Yes, I’ve heard that still, quiet breath.  When my life was screaming for mercy and chains wrapped around the walls of my heart, closing in faster than I expected.  When I stared death in the face and told it I wasn’t ready. It was in that moment I poured out tears of guilt and shame.  And that, my friend, is what grace is all about.

Pray for peace, my wonderful beatnik friends.  If you can’t manage that, try to keep a sliver of your heart open, so someday, you might find the room to believe.  And then, peace can start to happen.

Comments

  1. I LOVE, LOVE, LOVE this. I share your sentiments and you stated it so poignantly!!!!

  2. This resonates so much with me. As a non-believer, or maybe a hugely, hugely skeptical believer (?) for many years, I did keep just a slice of my heart open, wanting to know God, but questioning and doubting whether I ever would. It happened. Not in a thunderous, earth-shattering converstion, but slowly, slowly, bit by bit. It’s still happening.

    Lovely to meet you here, Amanda…coming over from a tweet I saw that you are a new High Calling member.

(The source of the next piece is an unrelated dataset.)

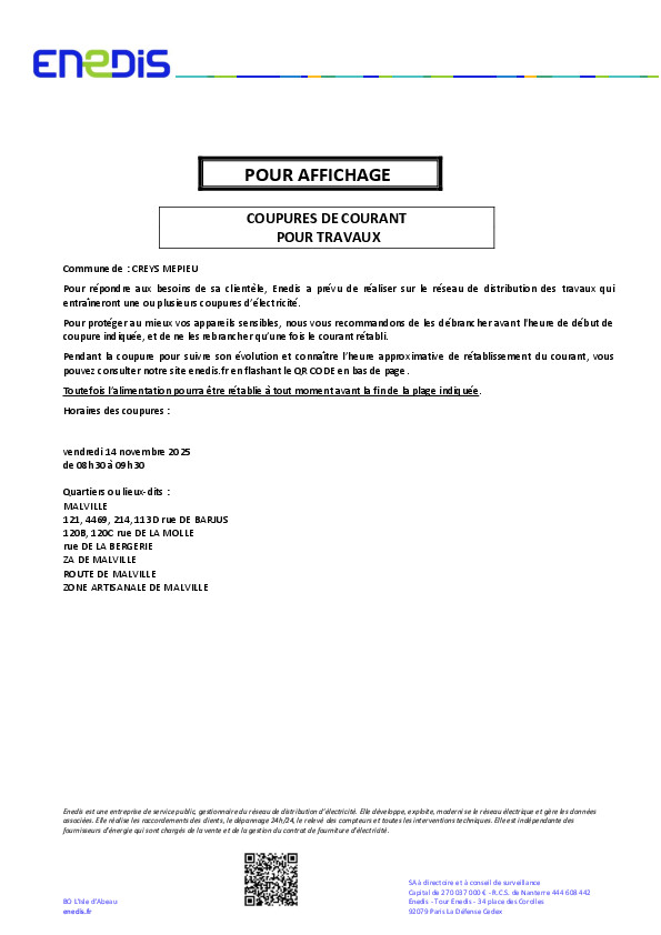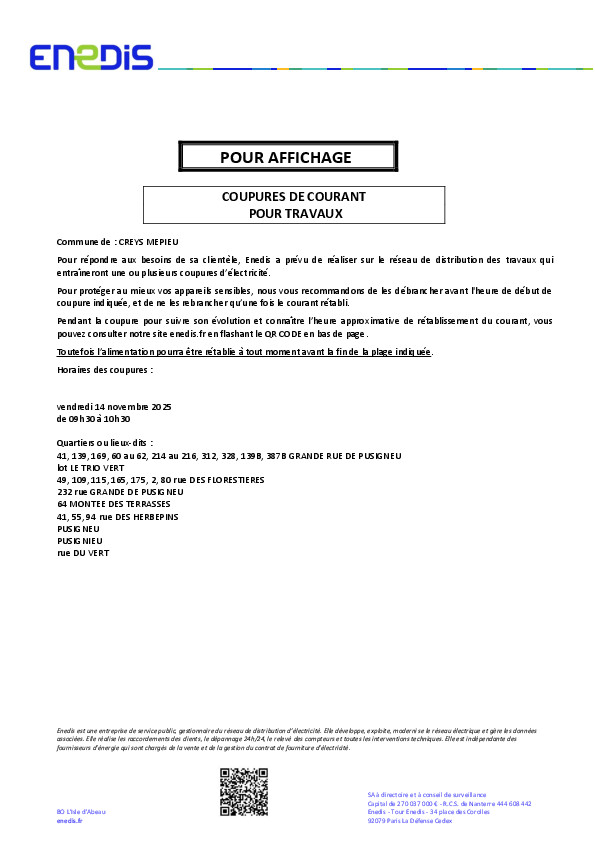 Pour répondre aux besoins de sa clientèle, Enedis a prévu de réaliser sur le réseau

  3. I have felt this same feeling so many times about my non-believing friends. They couldn’t always see how I could believe in God and science. I just do, I’d always say, you can’t convince me that God doesn’t exist and maybe I can’t convince you that he does. But someday I hope you believe! You just summed it up better than I ever could. In a similar way, I also used to feel that you didn’t need a big, million dollar church or God-ese language or small groups and prayer chains to be a person of great faith. I resented that in my old, very, very conservative town and struggled with the Bible thumpers that seemed to always be breathing down my neck just because I didn’t go to their church. I have learned that for me it’s in the happy medium of having a support system of believers and being open minded and patient with myself and others who are struggling or don’t believe. When you stop questioning and searching, your faith stagnates too. Thanks for sharing! I loved this.

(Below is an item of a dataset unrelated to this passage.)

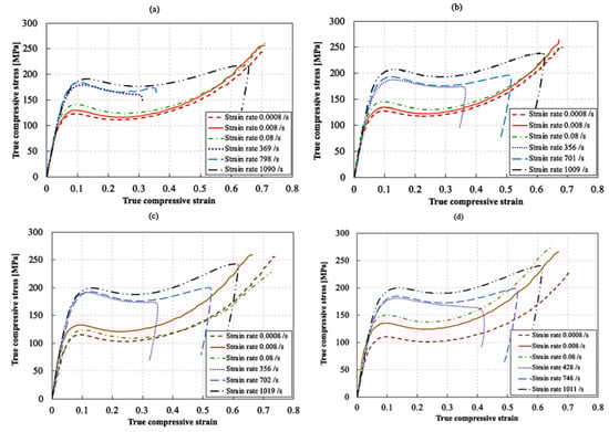 The true strains obtained from the displacement transducers were in excellent agreement with the strains directly obtained from the DIC up to a strain value of 0.2. Similarly, the strains obtained from the Hopkinson analysis (based on the strain measurements on the bars) also showed excellent agreement with the DIC strains up to 0.2. Moreover, it should be noted that the speckle pattern could not follow the deformation of the samples beyond 0.2 strain in both quasi-static and high strain rate tests. Consequently, the strains higher than 0.2 were based on that obtained from the Hopkinson analysis (for the high strain rate tests) and from the displacement transducers (for the quasi-static tests). The strain showed an initial increase up to a strain level of 0.06, followed by a slight reduction and a relatively constant strain in the range 0.06–0.15. This range was used to calculate the strain rates reported in Figure 16. The strain rates obtained from the tests were in the range of 0.0008–0.08 s−1 for the quasi-static tests, and 350–1100 s−1 for the high strain rate tests.

  4. “But sometimes, in your lowest hour, faith comes upon you like a whisper.” And that’s when I just started crying. Yes. All of this, resounding, YES. Don’t mind if I share, do ya? <3

  5. New to your blog, and as one if those artists and, I suppose, unbelievers, I want to tell you, please, don’t stop telling your friends you will pray for them. You see, while I may not believe that there is God the man up there keeping track, it is obvious that the world is miraculous and that the divine is among us, even if, as I suspect, the divine is just made up of good things (like love, and forgiveness, and the smell of the garden after rain) we humans may or may not have anything to do with, and even if there is a perfectly rational scientific explanation…so what? It’s amazing and it’s powerful, and if your explanation isn’t the same as mine, if we respect each other, it doesn’t matter. So when I hear a friend say they will pray for me, I accept it as their way of telling me they care, and that they will try to tap into that power on my behalf. And all I can say to that? Thank you.

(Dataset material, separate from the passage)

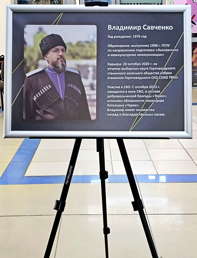 На фотографиях живые и погибшие герои, которыми гордится университет. Среди них и казачий полковник, ветеран СВО, депутат пятигорской Думы Владимир Савченко. В октябре 2023 года он ушел добровольцем на фронт. Больше года выполнял боевые задачи в составе казачьей разведывательной бригады «Терек», был командиром батальона «Терек». Имеет множество наград, среди которых и орден Мужества.

  6. Hi there. I came over here from BlogHer, and so appreciate your thoughts. I grew up on the mission field, went to a boarding school for missionary kids, attended several chapels a week, attended Christian college, and was completely devoted to God’s will for my life, in a very fatalistic way. Also, I wanted to die most of the time. It has been a really healing and freeing process in the last few years to let go of all of the man-made trappings of religion, and to trust that if I seek God– even non-traditionally– I will find, as promised. And oh! the joy and freedom I have found! I am thankful to be a live every day now, and it has changed so much for me. But I know that my religious family would not understand. They probably believe that I am somehow lost, and I have to just find grace for them as well. Grace abounds here, what a gift from God.

  7. So beautiful. Thank you.

  8. I think I like you even more, now that I’ve read this, Amanda.

  9. One more thing. I left to go looking for it and couldn’t find it. This sentence–“When I stared death in the face and told it I wasn’t ready”–you need to write about that, girlfriend. I was going to say so on Facebook, but that’s too public. Think about it, please.

  10. Thank you for this post, dear Amanda!